EXERCISE REQUIREMENTS: Starting at the line that contains "マンフロットからは新しいビデ" and stopping at the line that contains "根据《福州教育研究院关于20", transcribe every line of the material below exactly; pictures stay out.

DATA SHOWN:
>>>>>
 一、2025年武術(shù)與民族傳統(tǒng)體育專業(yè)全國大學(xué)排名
<<<<<
>>>>>
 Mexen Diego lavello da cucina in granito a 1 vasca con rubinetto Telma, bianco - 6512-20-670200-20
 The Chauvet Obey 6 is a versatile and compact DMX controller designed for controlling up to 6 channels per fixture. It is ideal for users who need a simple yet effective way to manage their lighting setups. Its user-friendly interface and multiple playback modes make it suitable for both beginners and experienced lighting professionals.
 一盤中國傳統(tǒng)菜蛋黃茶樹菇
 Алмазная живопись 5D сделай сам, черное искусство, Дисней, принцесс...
<<<<<
>>>>>
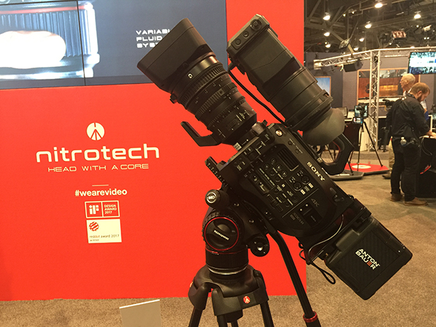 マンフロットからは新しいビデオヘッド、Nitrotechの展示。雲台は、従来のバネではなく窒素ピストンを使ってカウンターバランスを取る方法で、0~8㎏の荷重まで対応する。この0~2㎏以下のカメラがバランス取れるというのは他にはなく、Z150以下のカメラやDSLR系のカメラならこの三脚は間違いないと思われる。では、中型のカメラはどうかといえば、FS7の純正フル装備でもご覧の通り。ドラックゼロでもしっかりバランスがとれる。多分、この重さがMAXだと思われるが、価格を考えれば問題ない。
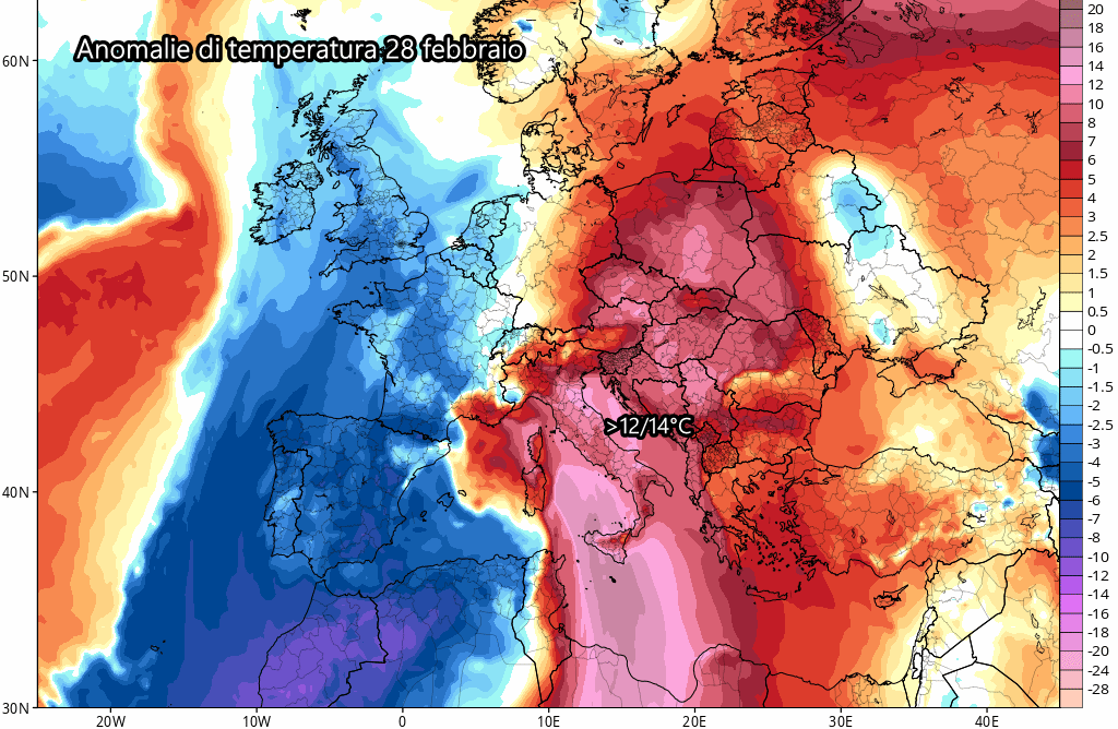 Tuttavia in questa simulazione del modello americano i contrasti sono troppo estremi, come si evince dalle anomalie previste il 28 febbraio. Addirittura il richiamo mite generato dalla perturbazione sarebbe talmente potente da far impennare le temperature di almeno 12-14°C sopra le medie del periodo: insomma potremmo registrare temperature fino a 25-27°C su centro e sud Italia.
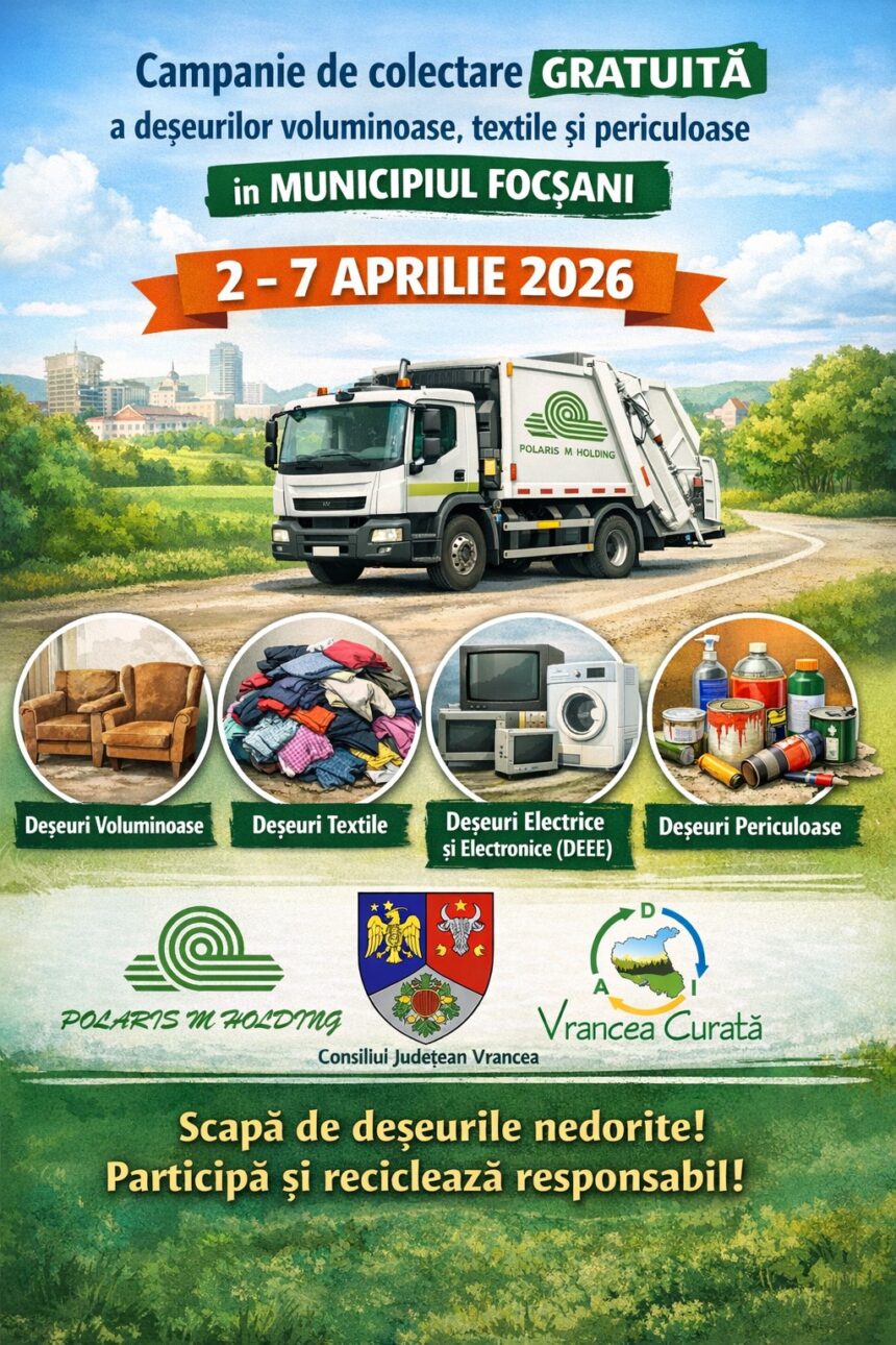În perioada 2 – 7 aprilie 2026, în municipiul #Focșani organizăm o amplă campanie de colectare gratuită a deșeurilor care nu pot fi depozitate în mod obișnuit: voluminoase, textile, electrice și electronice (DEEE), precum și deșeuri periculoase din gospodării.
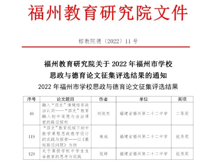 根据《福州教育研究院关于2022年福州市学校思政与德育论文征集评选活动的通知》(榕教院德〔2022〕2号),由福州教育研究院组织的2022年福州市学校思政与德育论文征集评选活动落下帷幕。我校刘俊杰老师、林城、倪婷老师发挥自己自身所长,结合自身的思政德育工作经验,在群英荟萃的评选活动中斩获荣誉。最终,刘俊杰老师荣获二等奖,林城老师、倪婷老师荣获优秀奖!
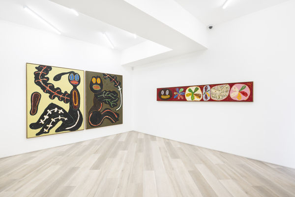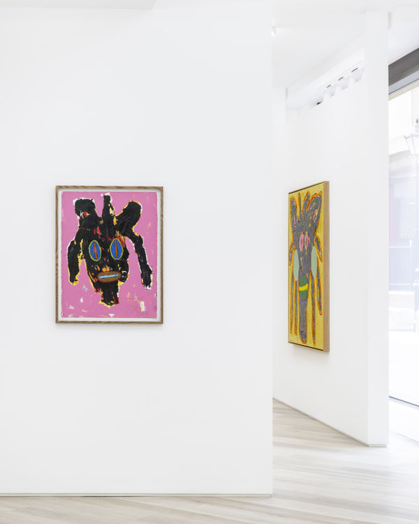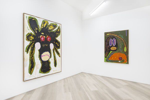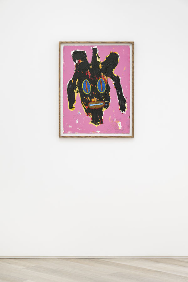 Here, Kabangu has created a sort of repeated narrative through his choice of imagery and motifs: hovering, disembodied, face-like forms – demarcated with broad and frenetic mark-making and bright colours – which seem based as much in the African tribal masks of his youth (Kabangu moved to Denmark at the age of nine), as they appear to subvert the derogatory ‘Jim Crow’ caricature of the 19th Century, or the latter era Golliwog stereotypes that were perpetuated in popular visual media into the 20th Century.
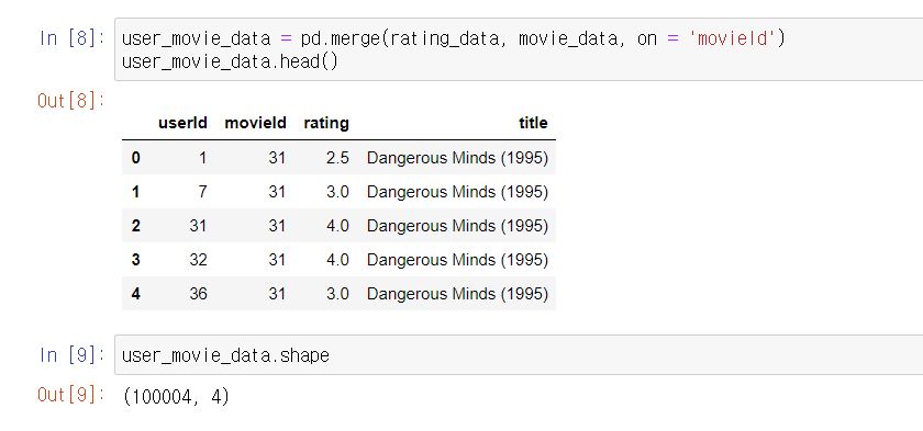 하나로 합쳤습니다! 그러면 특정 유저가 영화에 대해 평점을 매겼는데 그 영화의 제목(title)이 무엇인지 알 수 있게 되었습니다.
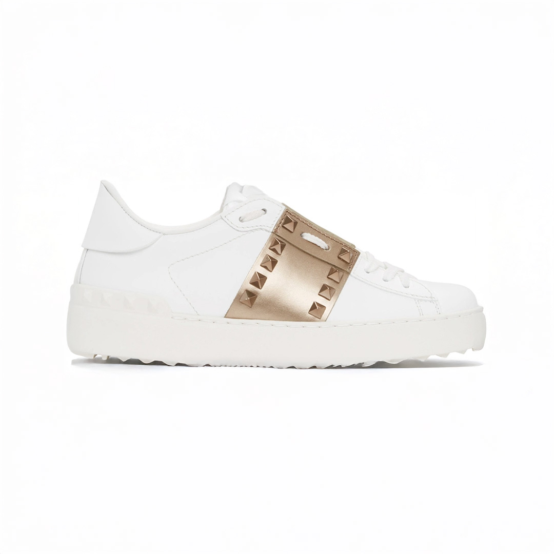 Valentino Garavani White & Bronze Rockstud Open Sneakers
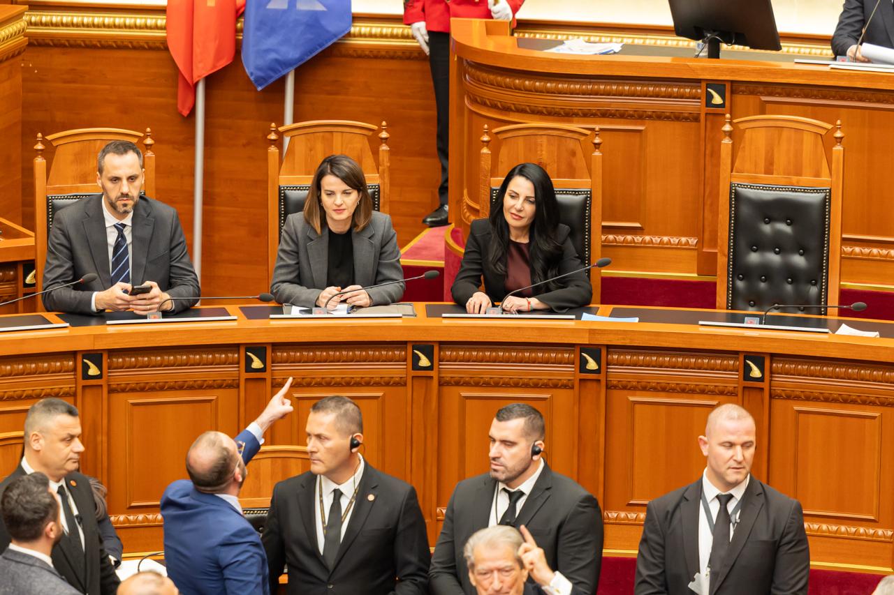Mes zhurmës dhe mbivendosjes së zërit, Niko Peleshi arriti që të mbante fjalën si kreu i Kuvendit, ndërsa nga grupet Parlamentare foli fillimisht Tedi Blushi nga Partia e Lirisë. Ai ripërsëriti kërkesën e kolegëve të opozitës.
<<<<<
RESPONSE TO THIS EXERCISE:
 マンフロットからは新しいビデオヘッド、Nitrotechの展示。雲台は、従来のバネではなく窒素ピストンを使ってカウンターバランスを取る方法で、0~8㎏の荷重まで対応する。この0~2㎏以下のカメラがバランス取れるというのは他にはなく、Z150以下のカメラやDSLR系のカメラならこの三脚は間違いないと思われる。では、中型のカメラはどうかといえば、FS7の純正フル装備でもご覧の通り。ドラックゼロでもしっかりバランスがとれる。多分、この重さがMAXだと思われるが、価格を考えれば問題ない。
 Tuttavia in questa simulazione del modello americano i contrasti sono troppo estremi, come si evince dalle anomalie previste il 28 febbraio. Addirittura il richiamo mite generato dalla perturbazione sarebbe talmente potente da far impennare le temperature di almeno 12-14°C sopra le medie del periodo: insomma potremmo registrare temperature fino a 25-27°C su centro e sud Italia.
În perioada 2 – 7 aprilie 2026, în municipiul #Focșani organizăm o amplă campanie de colectare gratuită a deșeurilor care nu pot fi depozitate în mod obișnuit: voluminoase, textile, electrice și electronice (DEEE), precum și deșeuri periculoase din gospodării.
 根据《福州教育研究院关于2022年福州市学校思政与德育论文征集评选活动的通知》(榕教院德〔2022〕2号),由福州教育研究院组织的2022年福州市学校思政与德育论文征集评选活动落下帷幕。我校刘俊杰老师、林城、倪婷老师发挥自己自身所长,结合自身的思政德育工作经验,在群英荟萃的评选活动中斩获荣誉。最终,刘俊杰老师荣获二等奖,林城老师、倪婷老师荣获优秀奖!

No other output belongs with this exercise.